Im weiteren Verlauf stellte Sperzel die Teilnehmer vor ein Gedankenexperiment. Aufgrund der aktuellen Debatten griff er das Beispiel der Netz-Drosselung auf und argumentierte aus eigener Sicht. Seiner Meinung nach sei die bevorstehende Drosselung vielmehr ein Rückschritt aus dem Status quo als eine Veränderung, die wirklich gebraucht werde. Als Alternative präsentierte Severin Sperzel die „Integrated Management Services“, bei denen der Provider doppelt verdiene, sowohl durch gedrosselte als auch ungedrosselte Dienste. Durch die künstliche Verknappung könne somit ein völlig neues, für den Kunden gefährliches Geschäftsmodel entwickelt werden. Durch die Einführung der „Managed Services“ (Telekom) sei laut Sperzel vielmehr die Zwei-Klassen-Gesellschaft des Internets nur eine Frage der Zeit. Er präsentierte im Anschluss ein „sehr fragliches“ Promotionsvideo der Telekom, in dem die Managed Services dem Nutzer erklärt werden sollen. Der Saal reagierte mit Gelächter und quittierte das Video mit kritischen Kommentaren.
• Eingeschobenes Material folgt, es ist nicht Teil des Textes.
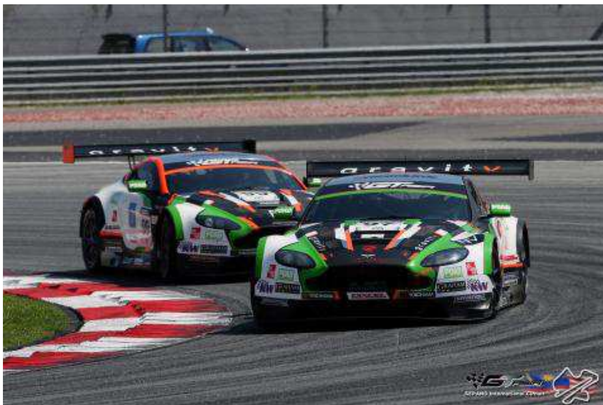
Craft Bamboo Racing will enter a two-car Aston Martin assault

With entries still coming it may be time to start planning a social event at the car clubrooms now we have a sealed road (back access) to our car park. Take in the pits and other vantage points around and then visit the club for a bite to eat and a quite drink.

Aufgrund des Videos entwickelte sich eine dynamische Grundsatzdebatte um die Hauptressource des Internets und eine eventuelle Verknappung. Laut Sperzel sei jedoch viel mehr Luft nach oben, als es die meisten Unternehmen zugeben. Dies sei sehr zweifelhaft, jedoch auch einigermaßen verständlich, da es hierbei um die Erwirtschaftung von Umsatz und Profit am Ende des Tages ginge. Als Hauptkritikpunkt nannte Sperzel, dass der „Best-Effort“ des Internets durch diesen Ansatz total zerschlagen werde. Internetanbieter würden durch „Managed Services“ vielmehr zu Gatekeepern, die aktive Markteintrittshürden setzen könnten. Folglich würden die Teilhabe und Innovation an finanzielle Mittel gekoppelt und Surfpakete in den Mittelpunkt gerückt, anstatt das Internet weiterhin als Medium zu nutzen. In Folge dessen könne es zu einer komplett neuen Infrastruktur des Internets und der digitalen Medien kommen, bei der am Ende nur die bereits heutigen Wirtschaftsriesen überleben.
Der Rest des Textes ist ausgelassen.